New Course: Supervised Learning with scikit-learn
Hello everyone! Today we're also launching a new course on Supervised Learning with scikit-learn by Andreas Müller!
At the end of the day, the value of Data Scientists rests on their ability to describe the world and to make predictions. Machine Learning is the field of teaching machines and computers to learn from existing data to make predictions on new data - will a given tumor be benign or malignant? Which of your customers will take their business elsewhere? Is a particular email spam or not? In this course, you'll learn how to use Python to perform supervised learning, an essential component of Machine Learning. You'll learn how to build predictive models, how to tune their parameters and how to tell how well they will perform on unseen data, all the while using real world datasets. You'll do so using scikit-learn, one of the most popular and user-friendly machine learning libraries for Python.
Supervised Learning with scikit-learn features interactive exercises that combine high-quality video, in-browser coding, and gamification for an engaging learning experience that will make you a master at machine learning with scikit-learn!

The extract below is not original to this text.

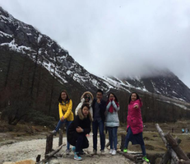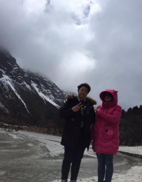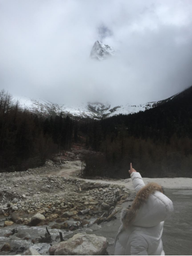 從景區(qū)門口到第一個(gè)景點(diǎn)相距20多公里,共33個(gè)急彎道,乘坐觀光大巴上去,司機(jī)大叔的車技了得,被我們戲稱為“秋名山車神”。可是盡管“車神”車技了得,那33道急彎的威力依然不容小覷,毫無懸念的,我們的小伙伴部分暈車了。所幸,不嚴(yán)重。下車,到達(dá)景區(qū),看到大雪山的那一刻便激動(dòng)了,于是開啟了我們拍拍拍的模式,一路走一路拍,上山的路上飄著小雪。

In the first chapter, you will be introduced to classification problems and learn how to solve them using supervised learning techniques. Classification problems are prevalent in a variety of domains, ranging from finance to healthcare. Here, you will have the chance to apply what you are learning to a political dataset, where you classify the party affiliation of United States Congressmen based on their voting records.
The second chapter focuses on regression, which is best suited to solving problems that require continuous outcome. You will learn about fundamental concepts in regression and apply them to predict the life expectancy in a given country using Gapminder data.
Having trained your model, your next task is to evaluate its performance. What metrics can you use to gauge how good your model is? So far, you have used accuracy for classification and R-squared for regression. In this chapter, you will learn about some of the other metrics available in scikit-learn that will allow you to assess your model's performance in a more nuanced manner. You will then learn to optimize both your classification as well as regression models using hyperparameter tuning.
The final chapter will introduce the notion of pipelines and how scikit-learn allows for transformers and estimators to be chained together and used as a single unit. Pre-processing techniques will be then be introduced as a way to enhance model performance and pipelines will be the glue that ties together concepts in the prior chapters.
About Andreas: Andy is a lecturer at the Data Science Institute at Columbia University and author of the O'Reilly book "Introduction to machine learning with Python", describing a practical approach to machine learning with python and scikit-learn. He is one of the core developers of the scikit-learn machine learning library, and he has been co-maintaining it for several years. He's also a Software Carpentry instructor. In the past, he worked at the NYU Center for Data Science on open source and open science, and as a Machine Learning Scientist at Amazon. His mission is to create open tools to lower the barrier of entry for machine learning applications, promote reproducible science and democratize the access to high-quality machine learning algorithms.